Typology

Southern Seminary recently came out with their latest issue of their journal, Southern Baptist Journal of Theology and for this issue all of the essays are centred around typology. I think one of the strengths of SBJT is that the essays typically have a particular focus or a uniting theme. It is a bonus to see my friend Matt Emerson as one of the co-contributors in his and Peter Link’s essay “Searching for the Second Adam: Typological Connections between Adam, Joseph, Mordecai, and Daniel.” With five girls, I don’t know how he does it.

With an issue like typology, there is much disagreement. Stephen Wellum’s opening editorial essay helpfully notes that Christians do read the Scriptures typologically, but that they disagree about how it should be done. Not every essay in the journal approaches a typological reading in the same way, but Wellum tries to describe the broad contours in which the contributors work.

First, Wellum defines typology as “the study of the relationship between Old Testament revealed truths of persons, events, institutions which God has specifically designed to correspond to, and predictively prefigure their intensified ‘anti-typical’ fulfilment in Christ and his people” (p. 6). And second, he argues that typology is rooted in history and text, prophetic and predictive, escalates, and progresses covenantally.

Wellum’s description raises a question for me on whether there is a difference between the typological reading that Wellum proposes and what I call narrative patterning, where an author or authors pattern narrative plots and characters after previous plots and characters as a way to provide implicit commentary. Because they seem very similar. For example, Adonijah’s attempt at assuming the throne during David’s waning years is explicitly shaped after Absalom’s attempt at taking the throne from David (cf. 1 Kgs 1:5–6, 9 with 2 Sam 14:25; 15:1; 17:17). It is difficult to imagine this as being prophetic or escalating. It seems to be a way to implicitly comment on Adonijah’s actions.

So is typology then an explicitly Christological reading? And therefore, a kind of a narrative patterning that is Christological in focus but also must be understood as prophetic and predictive, escalate, and progress covenantally?

4 thoughts on “Typology

  1. Thanks for pointing this out… The distinction is fuzzy in my own brain, but now that I’m cognizant of it I can try to refine my own understanding. To your final questions I believe that I answer “Yes.” ‘Typology’ is a term reserved for Christological antitype. I.E. The Temple is a narrative pattern (covenantally developed and escalated from garden and tabernacle); the antitype is Jesus incarnate. But a further question comes when there are ‘other’ final fulfillments: i.e. the world, the land, Jerusalem… the New Earth & the New City Jerusalem. Jesus isn’t the antitype to this pattern, the church is. So what word do we have to designate “final fulfillments” which climax a narrative pattern in something other than Christ?

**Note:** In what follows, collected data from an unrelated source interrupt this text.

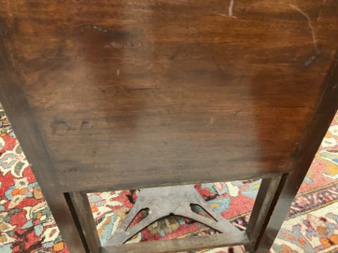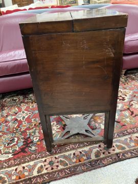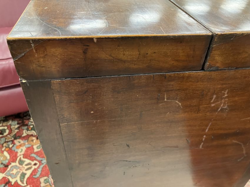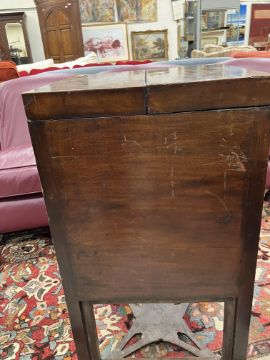 Has various heavy stains throughout and losses to the stringing throughout. Has had some significant and large repairs, particularly to the left hand side panel at the top and the door on the right hand side. The mirror mechanism is awkward but working. Otherwise heavy wear and tear conducive with age and use. See images for further dfetail.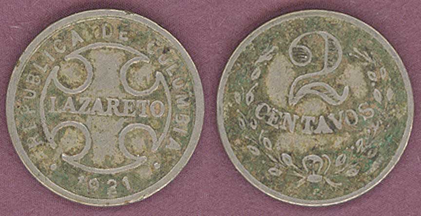 Fine+ - 2 Centavo KM#L10 Copper-Nickel - Special Leprosarium coinage - Made for the three leper colonies of Columbia. The colonies were closed in 1950. Made at the Bogota Mint.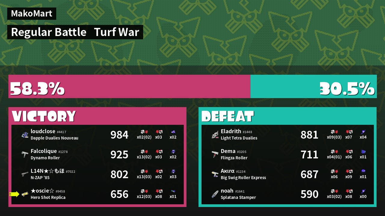 | Medals | #1 Splat Assister #1 Trizooka User #2 Enemy-Base Inker | ||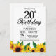 Sunflower 20th Birthday Invitation. Floral Flowers and White Background. Country Vintage Retro. Women Birthday. 12th 13th 15th 16th 18th 20th 21st 30th 40th 50th 60th 70th 80th 90th 100th, any ages. Printable Digital. For further customisation, please click the "Customise it" button and use our design tool to modify this template.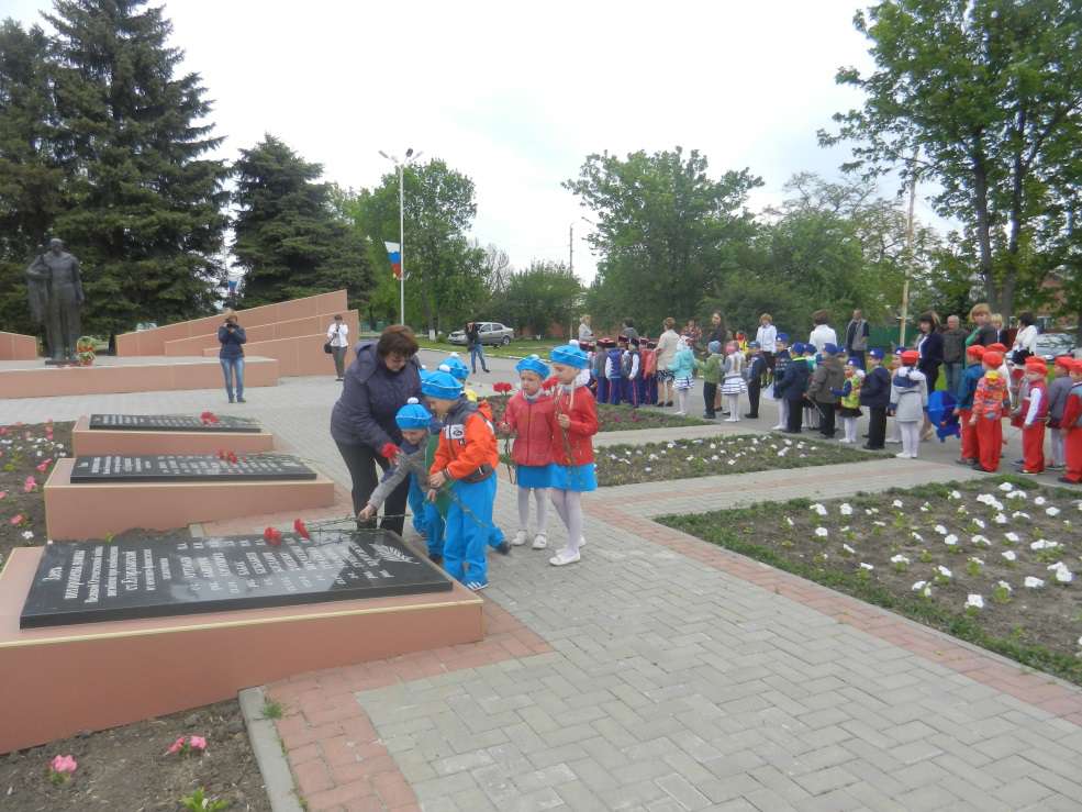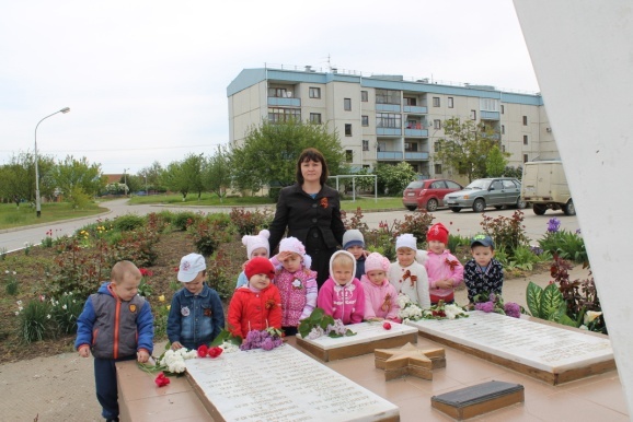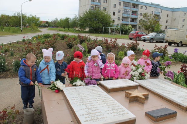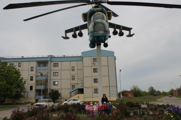 4 Мая вторая младшая группа «Алые паруса» с воспитателем Бех Т.Ю. и младшим воспитателем Пацуковой А.Н. организовали целевую экскурсию с детьми и возложение цветов к памятнику Героям - вертолётчикам, участвовавших и погибших в событиях, происходивших в конце существования Советского Союза. Сначала Афганистан, потом Абхазия, следом - Чечня. В этих горячих точках принимал участие 325-й отдельный транспортно-боевой вертолётный полк, базировавшийся на аэродроме близ Егорлыкской. На этих войнах, к сожалению, не обошлось без жертв и среди личного состава полка. В память о погибших боевых товарищах был сооружен монумент в виде летящего вертолета Ми-24. Имена шестидесяти трех Героев высечены на плитах в нижней части памятника. Недалеко, на одном из жилых домов, установлена мемориальная доска в память о проживании здесь Героя Советского Союза, Героя Российской Федерации командира полка Майданова Николая Сайновича.
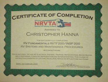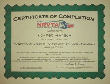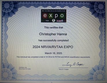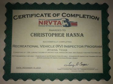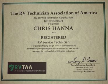Chris & Kelly Hanna are Discovery RV Services, LLC's Owners / Operators. Chris is a Patriotic USAF Veteran and a proud father of a daughter currently enlisted in the United States Air Force and a son that has completed his service also in the United States Air Force following in the long family tradition of serving this great nation. Chris is a 26 year employee for a utility company where he has worked as a commercial gas / electric designer and a gas distribution engineering designer. Chris and his wife Kelly started the RV Lifestyle shortly after getting married in 1999, when they purchased a 19ft Hybrid Travel Trailer. As their family quickly grew they experimented with everything from small travel trailers to large 5th wheel campers. As the world of remote working grew and their kids leaving for military service, the Hanna's with dog Maddie decided to sell everything including the home and move to full time RV. With having owned so many RV's and experiencing so many unsatisfactory quality issues, Chris & Kelly wanted to help other people work through those stressful times. This drive of helping led Chris to become a Registered RV Technician and Certified RV Inspector by taking courses offered through the NRVTA in Athens, Texas.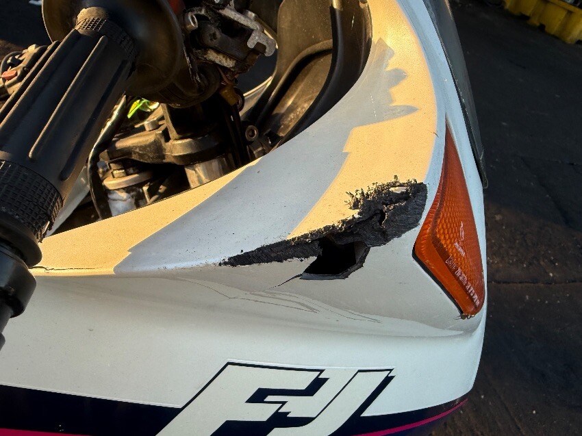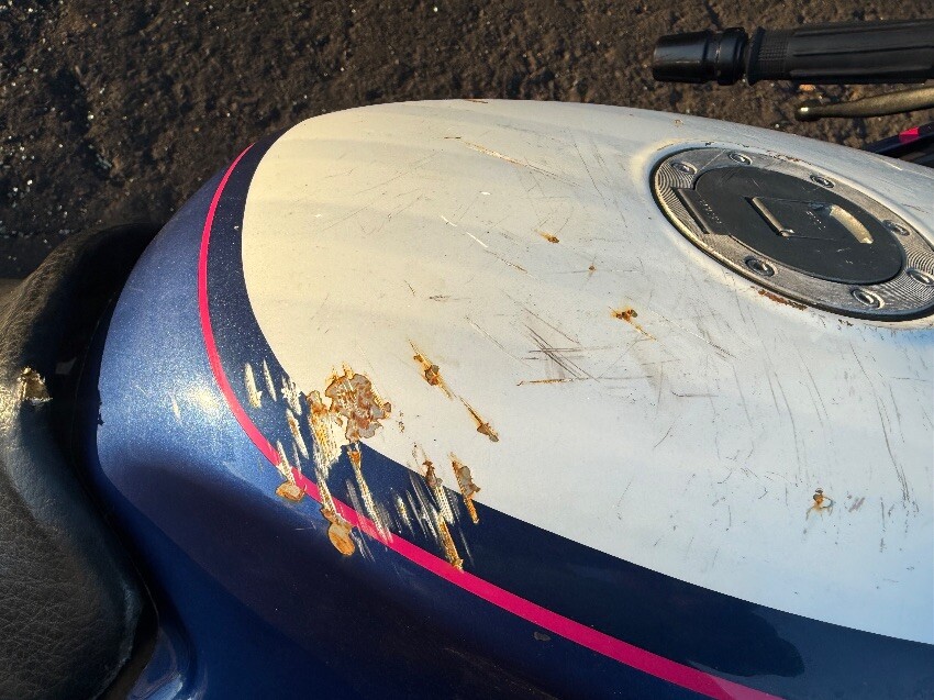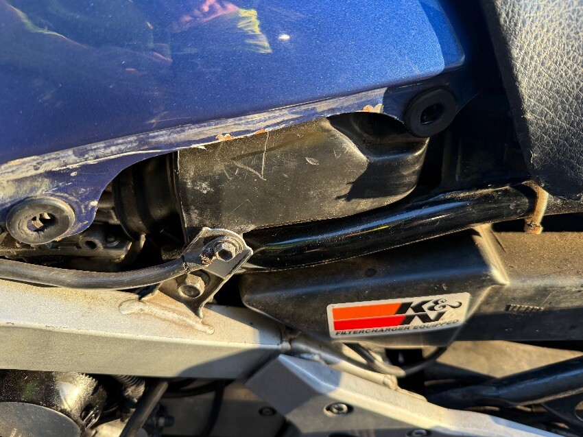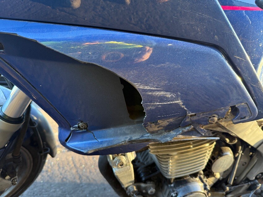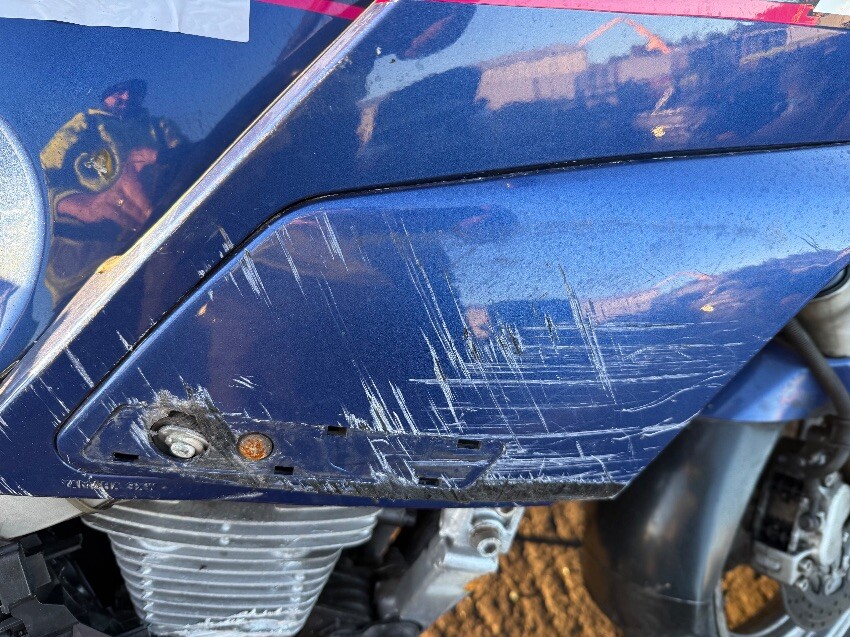 O/s/r indicator, o/s exhaust, o/s stator, o/s engine damage, o/s tank, o/s/f fairing, o/s mirror, n/s/f fairing, n/s/f engine damage, n/s plastic missing, general wear and tear.

    • Thanks, for the comment Emmanuel. I’m not sure what the answer is. I do think it is important to make some distinctions because it is clear that patterning is a literary technique that gets used in ways that don’t necessarily match up with the common definition.

  2. Thanks for this intriguing post. To clarify: are you suggesting that narrative patterning can or can’t be prophetic/predictive? Your second-to-last paragraph seems to put these in tension, but then in your final paragraph you ask if they go together. I am wondering if typology is prophetic/predictive and thus prospective, while narrative patterning is not prophetic/predictive but is retrospective. Adonijah points backwards to Absalom; Absalom does not point forward to Adonijah. On the other hand, I think I would want to say that Christ points backwards to David, *and* David points forward to Christ. Could this prospective/anticipatory vs. retrospective/reflective get at the difference between narrative patterning and typology?

    • Thanks for the reply, Clay. I’m not sure of the answer. It seems to me that narrative patterning is a prevalent literary technique that provides implicit commentary, but isn’t intended to be read in a prophetic or predictive way. Typological readings seem to be similar in technique, but are read prophetically. I’m wondering how one distinguishes between the two. It’s something I need to think more about.